Other early field recorders of American folk music came looking to “collect” specific things.
Recorders like Cecil Sharp were specifically looking for connections between Southern Appalachian ballads and traditional English folk songs, hoping to draw a line of cultural continuity between musical traditions largely disappeared from an industrialised England, and a living tradition still clinging-on in rural Appalachia.
These folk historians, field recorders, and music enthusiasts did not say “Let’s just record everything we hear, and let others figure out where it came from”.
Even the most enlightened and sympathetic musicologists carried certain presumptions about the origins of the music they were documenting in the 1920s – whether it was the music being played and sung by “white” mountain folks, or by African-Americans.
Most of these early recorders and collectors of “black music” in particular just presumed that African-American musical traditions could – and should – be traceable back along a river with its ultimate source in Africa.
So these early recorders and collectors of “negro music” tended to focus on collecting music which THEY perceived as being distinctly “African-American music”, BECAUSE THEY HAD NO OTHER REFERENCE POINT FOR IT.
This act of unconscious “curation on the hoof” is why old-time ballads were more often recorded in Appalachian homes, and the blues were more often recorded in the Deep South.
This is also how “old-time” or “hillbilly” music (later called “country” music) came to be seen solely as “white” music, with the blues seen solely as “black” music.
If early field recorders of American folk music had chosen to simply record EVERYTHING being sung by “black”, “white”, and “brown” folks, a different picture might have emerged – one in which the lines between musical genres were far more fluid and blurred, with multiple styles being sung and played by all ethnic groups.

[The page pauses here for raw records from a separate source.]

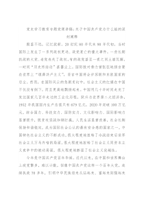 党史学习教育专题党课讲稿:关于中国共产党为什么能的深刻阐释殷鉴不远,记忆犹新。20世纪80年代末90年代初,当时国际上发生了一系列政权更迭、政党衰亡的重大事件,一些长期执政的大党、老党丧失了政权,有的政党甚至一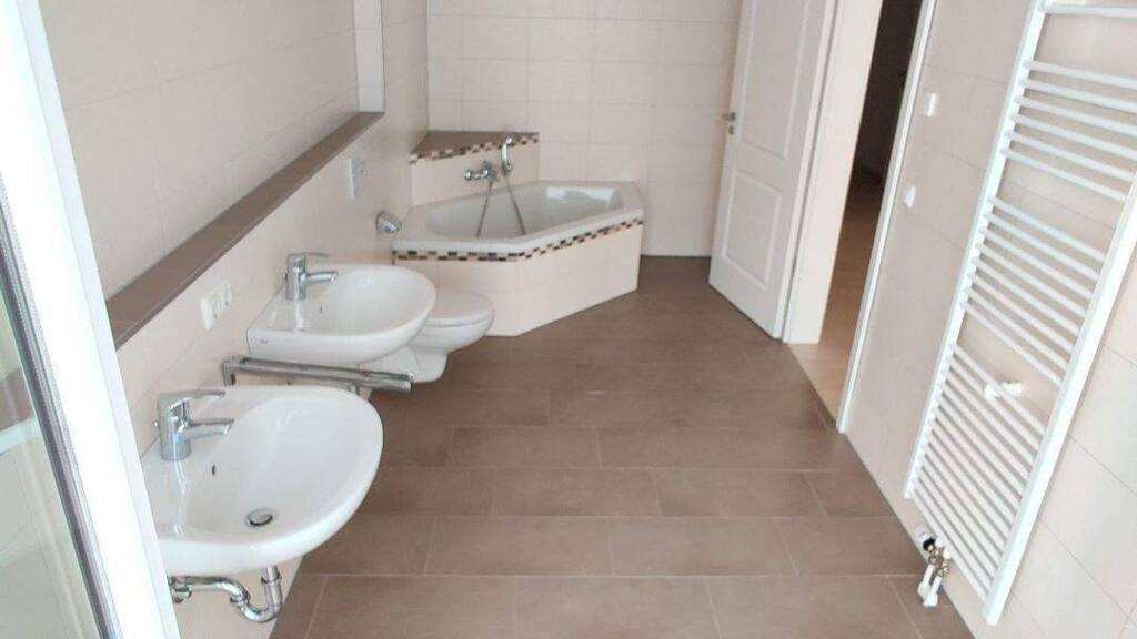 Die großzügige, barrierefreie 5-Zimmer-EG-Wohnung befindet sich in einem gepflegten 6 Familienhaus im Münchner Stadtteil von Waldtrudering. Das Objekt wurde 2013 in massiver Ziegelbauweise mit Grundwasserwärmepumpe fertiggestellt. Die seit 2013 bewohnte Anlage liegt in einer sehr ruhigen Lage von Waldtrudering mit einer sehr guten öffentlichen Verkehrsanbindung zum Truderinger Bahnhof. Im Erdgeschoss befinden sich der großzügige Eingangsbereich, das Wohn- und Esszimmer mit offener Einbauküche, das Schlafzimmer, ein Kinderzimmer, ein Badezimmer mit Fenster, WC und Doppelwaschtisch sowie Badewanne, Dusche und ein extra Gäste WC. Im Tageshellen Souterrain gibt es zwei weitere Zimmer mit bodentiefen Lichtschächten und bodentiefen Fenster und ein zusätzliches Oberlichtfenster, sowie ein weiteres Bad mit Waschmaschinenanschluss und Abstelle. In der Wohnflächenberechnung wurden die Terrassen zu 25% und der Hobbyraum zu 50% berechnet.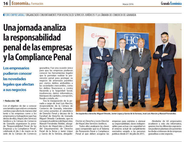 HispaColex organiza una jornada para analizar la responsabilidad penal de las empresas y la Compliance Penal. (Granada Económica)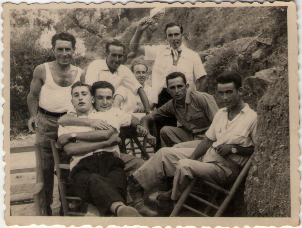 23. Alonso, assegut davant a l’esquerra, amb set amics, entre els que reconeixem, d’esquerra a dreta i de dalt a baix, a Juanito Càrpio, José Catur, un xic d’Eslida i Pasqual de Mançana, i baix, Alonso, Vicente Bolla, José Manyano (o Cagarnera) i Pasqualet de la Font. Estan vora un tarús, potser en el pati d’algú, contra la muntanya. Alonso pensa que estaven en la boda de Sunción amb Floreta en Eslida; òbviament van mudats, però Pasqualet de la Font porta espardenyes de careta.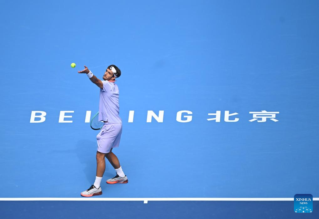Lorenzo Musetti serves during the men's singles second round match between Bu Yunchaokete of China and Lorenzo Musetti of Italy at 2024 China Open tennis tournament in Beijing, capital of China, Sept. 29, 2024. (Xinhua/Zhang Long)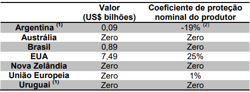 No caso da União Europeia, o pagamento é feito cada vez mais de forma desatrelada da produção, mas ainda alcançou mais de US$ 1,5 bilhão em 2017. Cada país europeu aplica a política de subsídios de forma distinta. Os EUA, por sua vez, transferem subsídios ao produtor de forma direta, atrelada à produção, na forma de suporte ao preço, que alcançaram o valor de US$ 7,5 bilhões em 2016.

America being America – a nation built on capitalism and a racial caste system – music soon became a marketable and controllable commodity, and musical forms had to be slotted into “racial” categories in order to be marketed to their “target audience”.
Under the American binary race system, the music of the rural hinterlands and heartlands had to be clearly divisible into a European tradition, and an African tradition.

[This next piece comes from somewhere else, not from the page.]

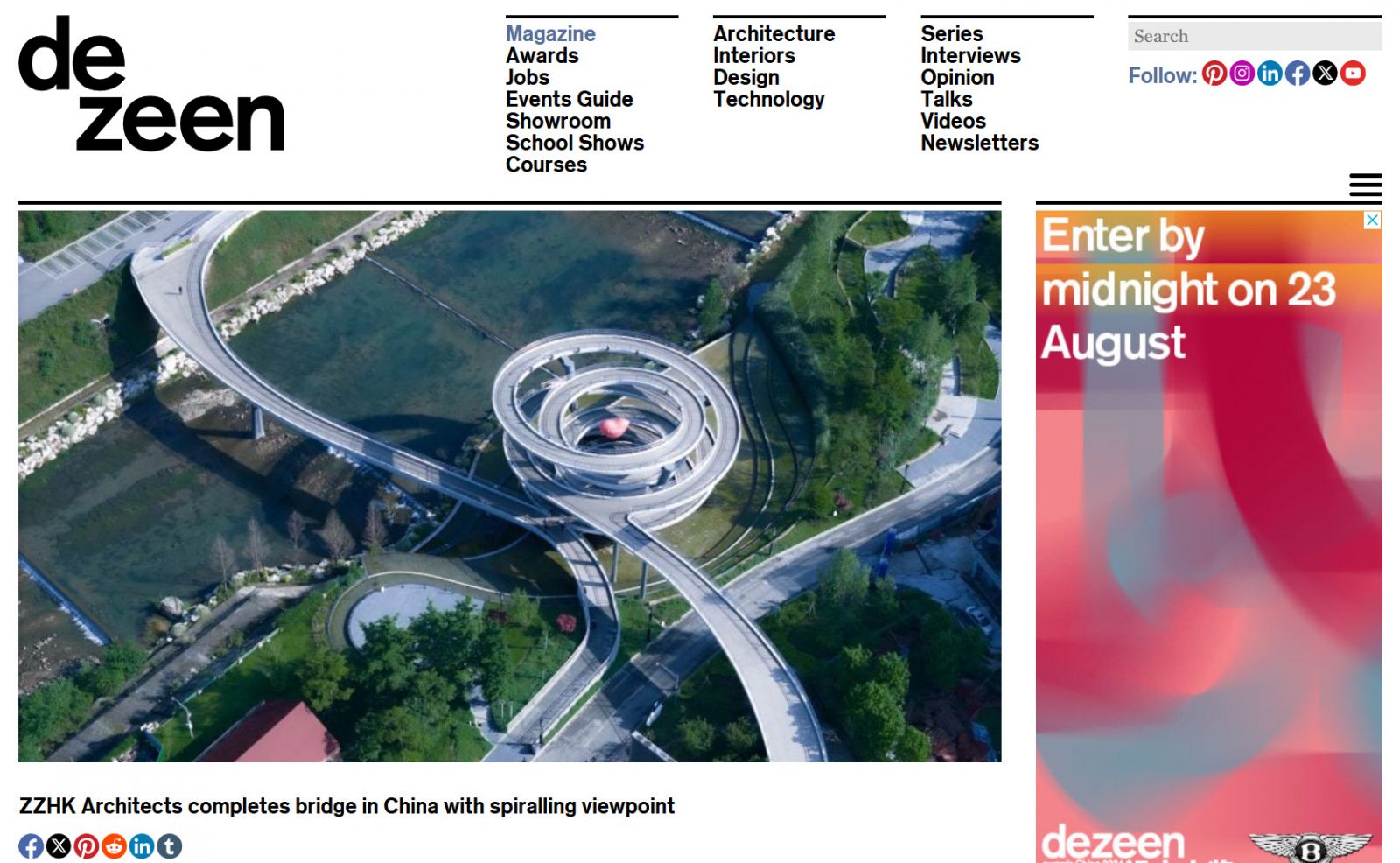 全球最受欢迎的设计杂志 Dezeen 头条发表ZZHK项目“音缘桥”及专访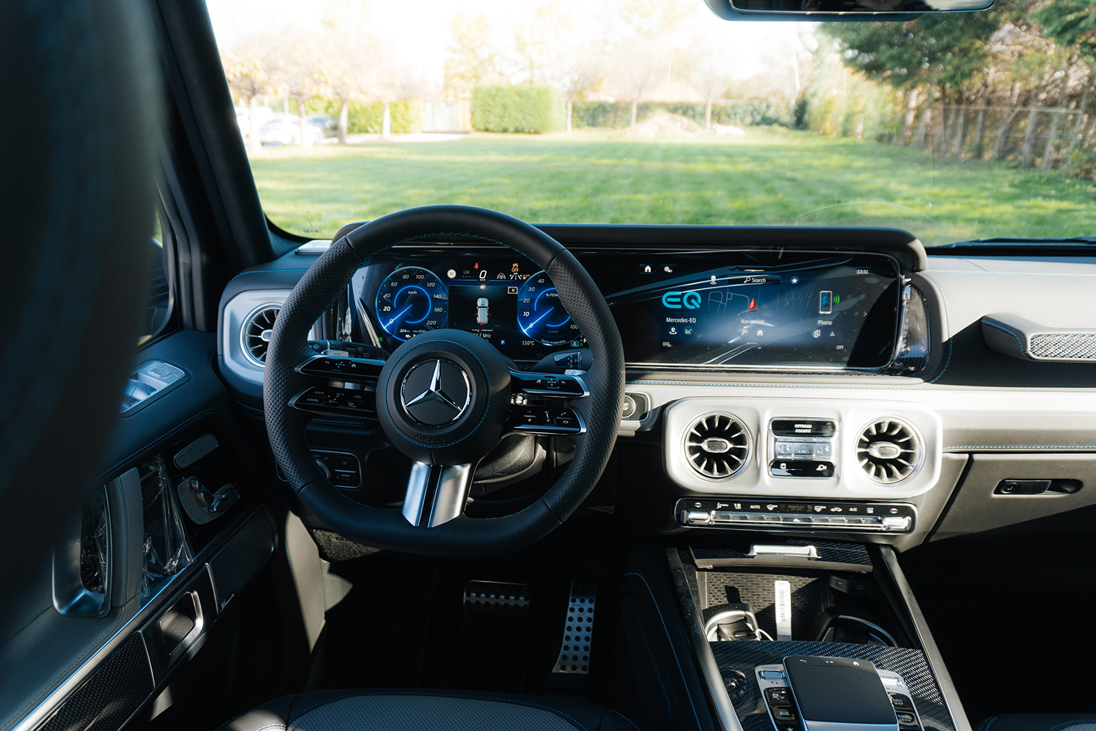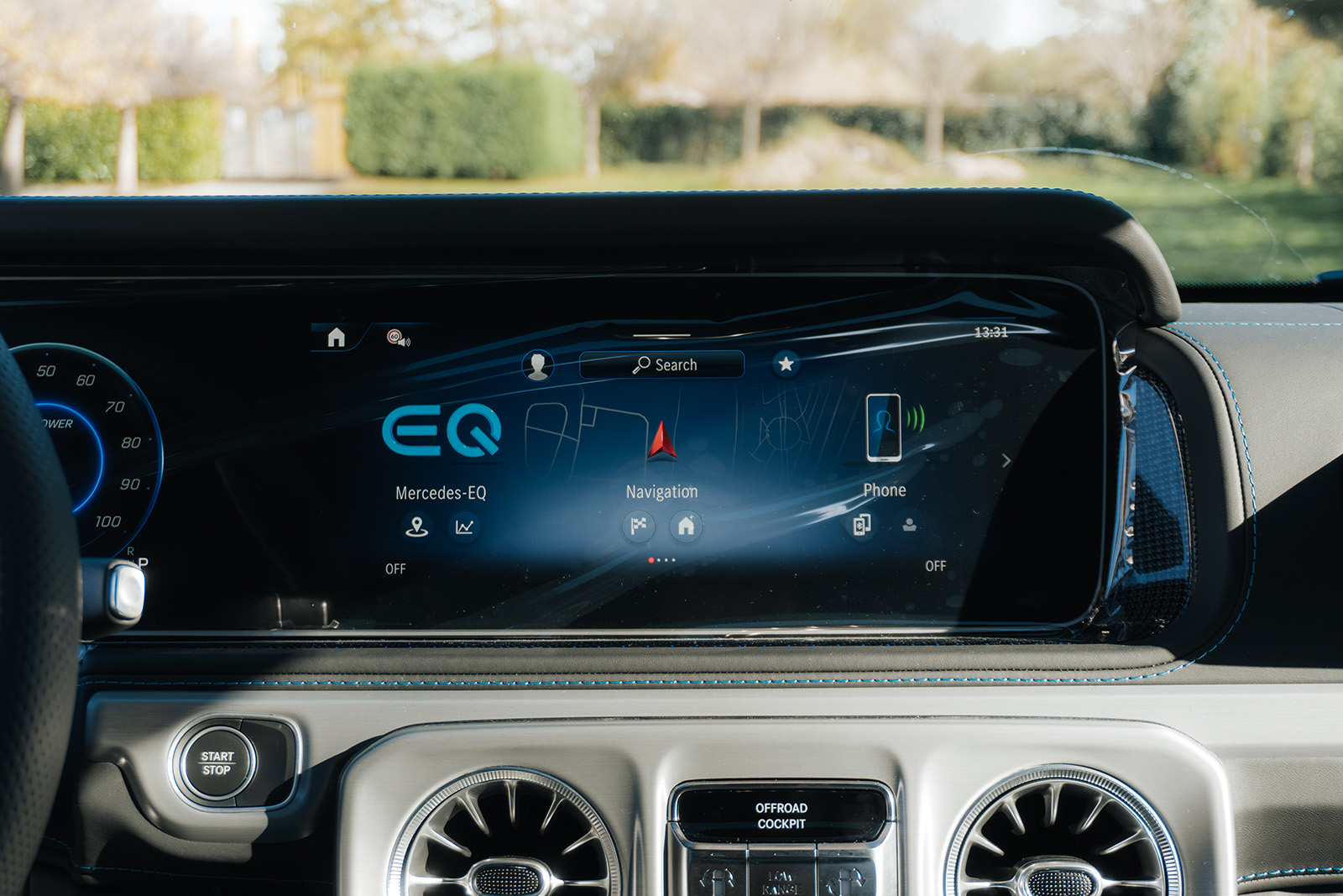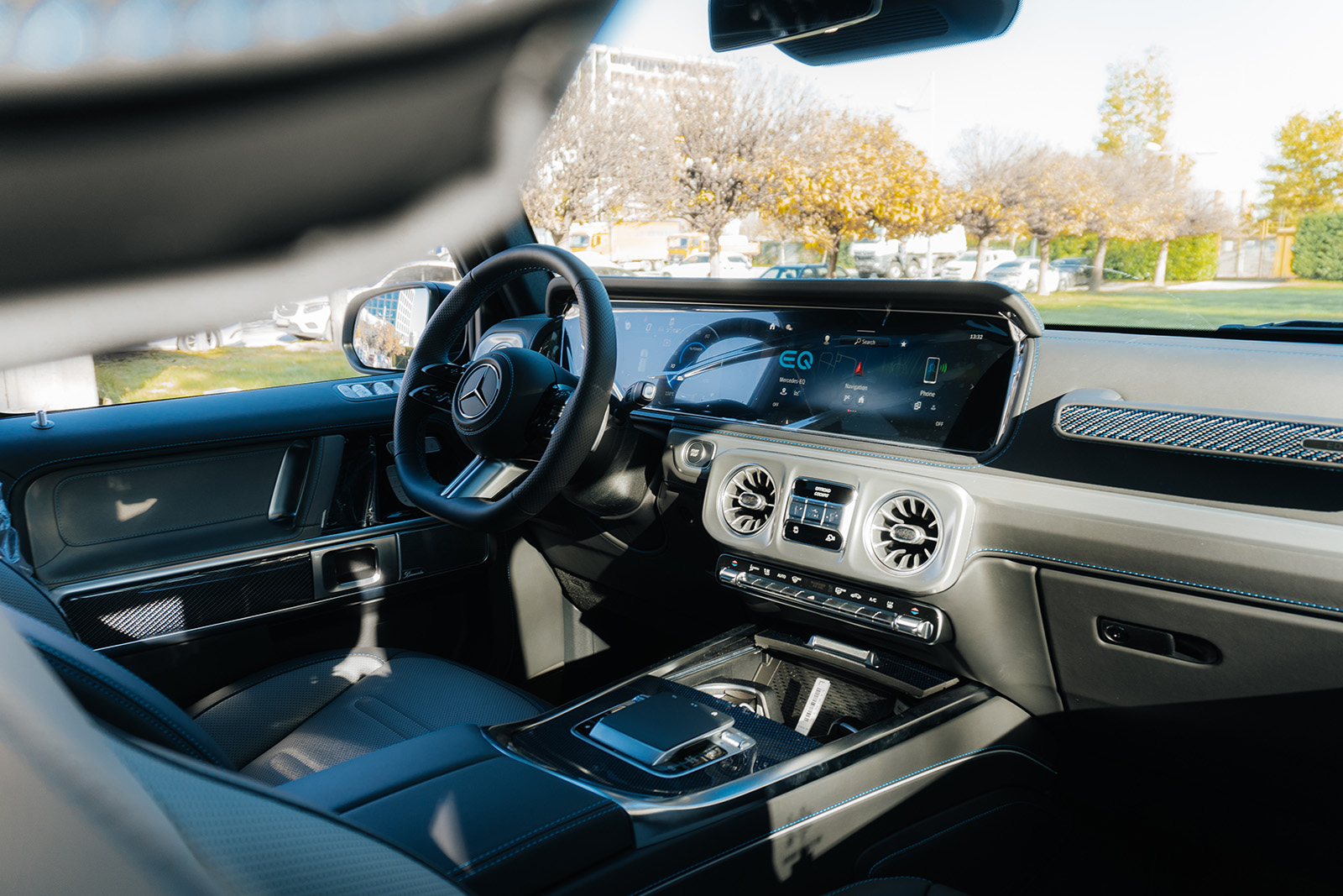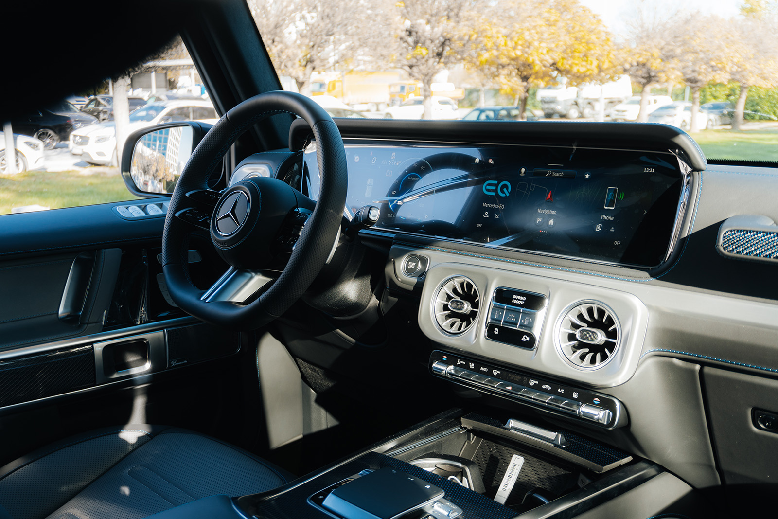 Возачот има на располагање и режими на возење кои ја прилагодуваат работата на целиот систем на теренот кој моментално е покриен. Дизајнот со четири мотори, исто така, овозможи да се создаде системот G-Turn. Mercedes долго време се фали со ова. Благодарение на соодветно избраниот вртежен момент на секое тркало и обратните насоки на работа на моторите, G-Class може да се врти во место. Тоа е повеќе гаџет отколку нешто навистина неопходно, но секако остава впечаток.

But that’s not how music works, and has never been how music works.
*****
Let’s set aside for the time being the old-time ballads and blues laments which were being sung into a can for field recorders, and ask ourselves a question.
What would any of us – black, white, or other – sing or play into a microphone for a stranger who came asking for an old song today?

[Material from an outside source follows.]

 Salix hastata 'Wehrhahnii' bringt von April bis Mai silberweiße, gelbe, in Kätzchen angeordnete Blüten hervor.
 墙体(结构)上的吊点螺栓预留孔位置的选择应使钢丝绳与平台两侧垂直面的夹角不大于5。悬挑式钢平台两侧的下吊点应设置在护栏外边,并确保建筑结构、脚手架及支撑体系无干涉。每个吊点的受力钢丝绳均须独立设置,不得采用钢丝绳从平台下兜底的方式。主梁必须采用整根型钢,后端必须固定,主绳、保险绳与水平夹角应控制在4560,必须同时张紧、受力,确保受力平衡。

Would we sing the oldest one we knew? Our favorite? The one best suited to our own voice? The one we remembered all the verses to? The one our old fingers could pick on a banjo or guitar without stumbling?
As a child of the 60s and 70s, most of the songs I might be able to belt out today at a drunken karaoke night were written or performed by people like Sam Cooke, Waylon Jennings, or Simon and Garfunkel.
Does this say anything concrete about my ethnic background?
Of course, I have had access to far more musical variety than rural dwellers of the 1920s, but still. Did the choice of music played and sung by people – even then – really say anything concrete about their ancestry?
So let’s leave aside “party pieces”, and ask what was actually happening on the ground during the 1920s – at county fairs, at medicine shows, in dancehalls and roadhouses…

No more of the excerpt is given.